Tribute to your techniques Bob! Good job.


----------



## leonpete (Jan 4, 2008)

Old Betsy looks GREAT. Nice video and a great job on her. Thanks for sharing.


----------



## topshed (Jan 20, 2008)

Hi All, 

Thanks for the very positive feedback, the smooth running is due to the fact that I spent a lot of time on the trucks, making sure that everything rolled freely before fitting them to the chassis. The castings were very nice but required some careful filing to clear the wheels when assembled. I had several goes at this, filing a little, assembling, testing, then filing a little more and so on. I had to be careful on the gear side as I had to file enough for the gears to run free, but not too much or they would not mesh!


I did have a slight problem with the gas tap (which comes ready assembled), when first firing up I couldn't light the burner. Kept trying and trying until I got a volcano from the gas tap! I contacted my dealer about this and he said that there is no missing seal, but what I should do is insert a little (very little!) graphite grease in the gland. Sounded odd to me, but I tried it and it works very well.


A small design snag in the inaccessibility of the lubricator. After a couple of runs (and some burnt fingers!) I decided to put a T bar on the cap, similar to accucraft, and an extension tube to the drain so that I could easily unscrew the plug and it doesn't now deposit oily water on the footplate.


She has only run about four times so far and is still freeing up, but as Jerry says, they are delightful to watch.


All the best,
Martin


----------



## tacfoley (Jan 3, 2008)

Martin, you are going to have to bring it over here for a run! Give me a call to sort something out.
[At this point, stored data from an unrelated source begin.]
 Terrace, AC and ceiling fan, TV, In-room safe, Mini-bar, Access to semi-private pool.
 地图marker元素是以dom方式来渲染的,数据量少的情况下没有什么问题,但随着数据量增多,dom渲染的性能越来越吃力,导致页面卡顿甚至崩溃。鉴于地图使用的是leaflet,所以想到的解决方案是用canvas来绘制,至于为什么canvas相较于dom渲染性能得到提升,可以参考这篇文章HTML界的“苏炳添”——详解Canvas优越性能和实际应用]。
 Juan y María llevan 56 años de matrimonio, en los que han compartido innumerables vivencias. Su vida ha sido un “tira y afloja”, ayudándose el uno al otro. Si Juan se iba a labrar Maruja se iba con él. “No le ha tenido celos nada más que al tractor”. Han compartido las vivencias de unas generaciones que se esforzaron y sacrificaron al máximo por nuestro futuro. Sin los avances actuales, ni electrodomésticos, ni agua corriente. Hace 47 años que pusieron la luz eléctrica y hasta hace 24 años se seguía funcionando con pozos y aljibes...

It's a great excuse to eat CAKES!!!!!! 

tac
www.ovgrs.org


----------



## Pete Thornton (Jan 2, 2008)

Martin, 
A delightful loco and great video. 

But can someone explain to me why Regner needed to put a gear train on the crankshaft with a reduction gear to the drive shafts? I thought Shay's were already the slowest thing on rails!


----------



## hcampbell (Jan 2, 2008)

Nice video, Martin. How about a formal portrait so we can admire her? 

Pete: I think the engine (not the locomotive) may be a stock item. Also, the extra gears are much easier to make than a crankshaft. I like the slow speed and she'll pull stumps  

Harvey C.


----------



## topshed (Jan 20, 2008)

Hi All, 

Here's a pic for you, fairly formal, but Betsy ain't a formal sort of loco is she?
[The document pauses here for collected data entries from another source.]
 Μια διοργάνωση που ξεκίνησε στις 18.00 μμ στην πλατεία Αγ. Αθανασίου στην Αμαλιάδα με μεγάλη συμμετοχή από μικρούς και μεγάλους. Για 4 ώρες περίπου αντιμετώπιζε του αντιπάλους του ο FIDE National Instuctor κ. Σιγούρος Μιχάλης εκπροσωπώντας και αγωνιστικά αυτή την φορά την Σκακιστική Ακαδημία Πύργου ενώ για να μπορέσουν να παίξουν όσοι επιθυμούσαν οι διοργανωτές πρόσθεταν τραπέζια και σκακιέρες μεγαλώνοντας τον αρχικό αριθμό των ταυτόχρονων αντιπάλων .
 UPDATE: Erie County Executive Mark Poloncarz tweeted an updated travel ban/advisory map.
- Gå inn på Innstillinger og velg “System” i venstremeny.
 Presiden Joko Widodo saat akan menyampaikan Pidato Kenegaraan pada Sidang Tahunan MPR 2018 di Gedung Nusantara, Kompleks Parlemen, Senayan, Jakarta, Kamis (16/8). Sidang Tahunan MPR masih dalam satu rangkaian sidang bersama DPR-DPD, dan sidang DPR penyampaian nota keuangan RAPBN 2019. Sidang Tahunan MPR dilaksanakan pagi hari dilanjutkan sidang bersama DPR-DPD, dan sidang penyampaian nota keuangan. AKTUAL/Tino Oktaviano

http://picasaweb.google.com/lh/view...9264409138



In answer to one of Jerry's questions, I'm getting runs of between 30 and 35 minutes at the moment, but I haven't really learned to drive her yet. Burner could do with a bit more 'oomph', maybe a slightly larger jet would help.


Tac, I'll email you!


All the best,
Martin


----------



## tacfoley (Jan 3, 2008)

I'd guess, from experience with my Shays, that the extreme rotational speed of the oscillating motor needed to be gear down even for the Shay!
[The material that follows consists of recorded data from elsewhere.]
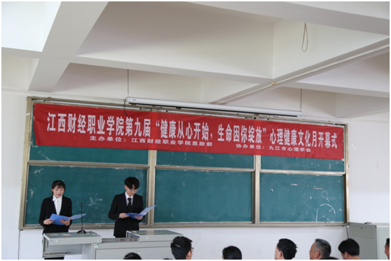 为贯彻落实省教育厅《关于开展2018年度全省高校心理健康文化节活动的通知》(赣教社政字【2018】6号)精神,深入贯彻落实“五有”教育观,提升人才培养质量,4月25日下午,由bat365思政部主办、九江市心理学会协办的bat365正版唯一官网第九届大学生心理健康文化月在综合楼阶梯教室五开幕,活动月的主题是“健康从心开始,生命因你绽放”。
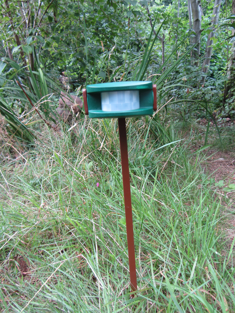 Also baute ich so ein einfaches Teil aus Flacheisen, doch als ich den Halter des Bewegungsmelders aus dem Revier holen wollte, war auch der geklaut. Wer - bitteschön - klaut einen Plastikbügel und macht sich auch noch die Mühe, die Schrauben rauszudrehen?
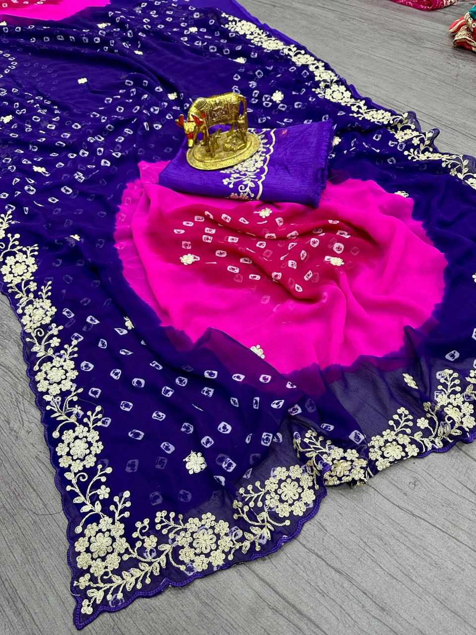 PIYU P1038 MULTI COLOR PURPLE BANDHANI Saree
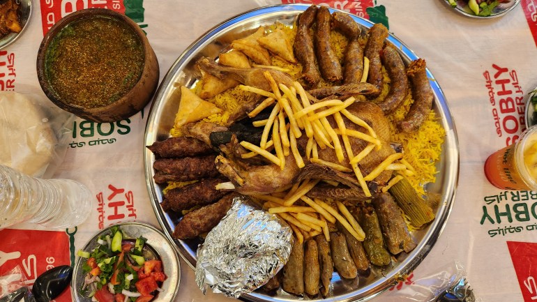 Depending on your taste, you can have one of the mixed dishes which includes a nice and good selection of Egyptian specialties. We also try the Mouloukhiyya (It is a thick soup made from a plant of the same name in Arabic: corète potagère in French). The quantities are extremely generous.

Take a look at the speed that thing is whistling round and you'll see what I mean... 

Be able to tell you myself, next week, topshed is visiting with 'Shay tac' next wednesday, and moobies will be tooked.

tac
www.ovgrs.org


----------



## hcampbell (Jan 2, 2008)

Thanks for the photo. Nice weathering. 
I like the drip strip on the roof, my engineer wants one too. 

Harvey C.


----------



## topshed (Jan 20, 2008)

Thanks. There is actually very little weathering, only the roof and the headlamp have been weathered in the traditional way. The woodwork was simply stained using a dark oak wood dye which gives the desired impression that Betsy's been around a long long time. The rainstrip was, I thought, a necessary addition, not just for the comfort of the crew, the roof looked bald without it! 

Martin


----------



## Steve Stockham (Jan 2, 2008)

That is one sharp Class A Shay! Well done!!


----------